See, that’s the thing. Writing a few novels doesn’t make you a novelist. Just like having a few yard sales doesn’t make you a business guru.

Deciding that you’re going to create a career out of writing novels is what makes you a novelist.

Seeing novel-writing as a business is what makes you a novelist.

I mean, makes me a novelist. Unless you have a novel-writing career, and then, well, it’s you, too. Let’s start a club!


You will notice that I’ve made a few changes to this blog, a couple of them only in the past couple of days. The obvious one is the header. A professional author must have a professional-looking website, yes?

Then there is the sign-up form in the sidebar.

It’s not the first time I’ve ever had a sign-up form on a blog. Not the first time I’ve tried to build an e-mail list. But it is the first time I have no doubts that this time, I’m going to stick with it. I’m going to build an e-mail list of stark-raving-mad fans of my fiction.

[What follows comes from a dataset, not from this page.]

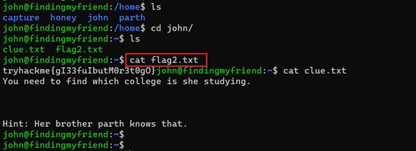 We started exploring the target machine files and folders. In the user's user directory 'john,' we found our second flag, 'flag2.txt'. The flag file was read using the cat command, as seen in the above screenshot. Along with the flag, there was one more file named 'clue.txt'. The hint mentioned a username 'parth' on the target machine, which we noted for further use. As we have user access to the target machine, let us dig into the target machine to identify loopholes and weak configurations which could help us gain further privilege.
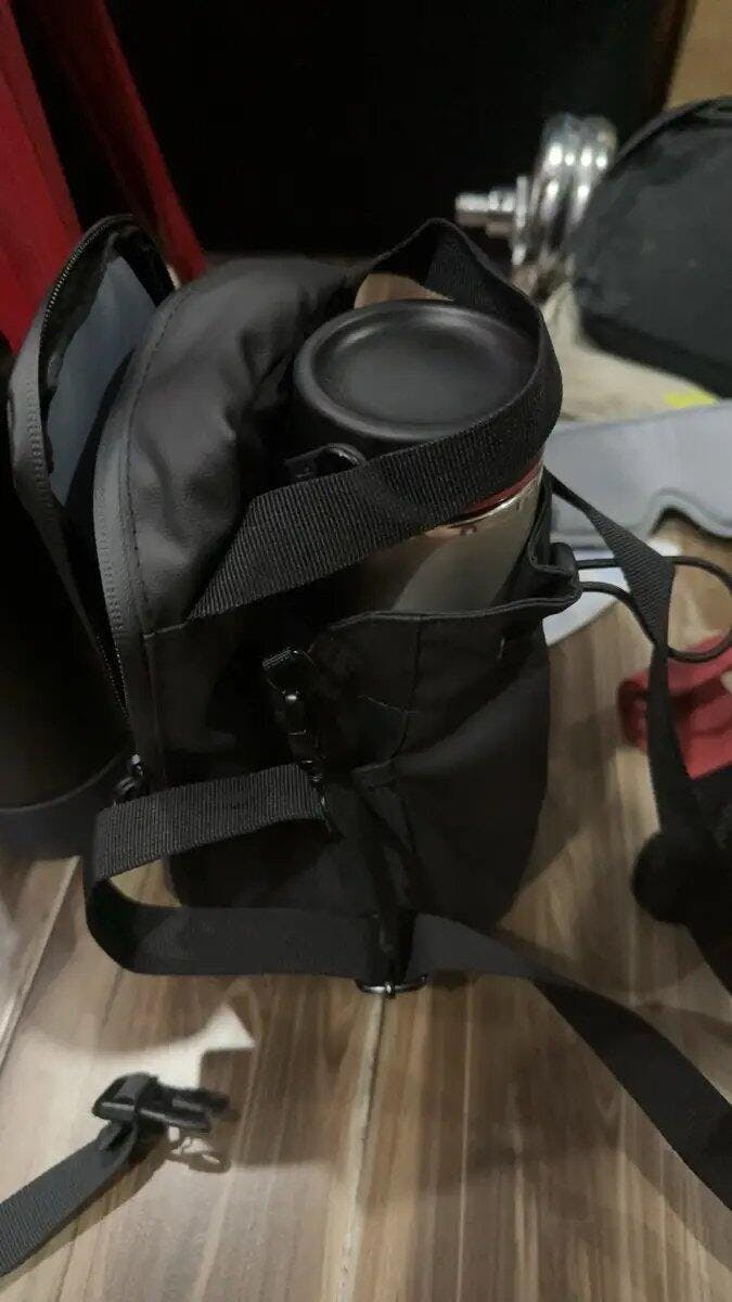 - Compartimento central diseñado para el transporte seguro de botellas o termos de gran volumen.

Because everybody, and I mean EVERYBODY with any clout in the arena of selling books – including many Indie-published authors like myself – says that an e-mail list is the number one marketing tool that an author must have.

Other changes? I wrote an “About” page and published a “Contact” page. (PSST! I can practically guarantee that my About page is much more entertaining than the About page of any other author. So go read it!)

Just like a modern novelist should have on their website.

I want to publicly thank Brandon Sanderson, Howard Tayler, and Dan Wells of the “Writing Excuses” podcast, as well as Jim Rubart and Thomas Umstattd, Jr. of the “Novel Marketing” podcast for inadvertently giving me the kick in the rear that I needed to start getting serious about God’s call on my life.

And for facilitating a great miracle: a woman in perimenopause actually made a decision, and stuck to it!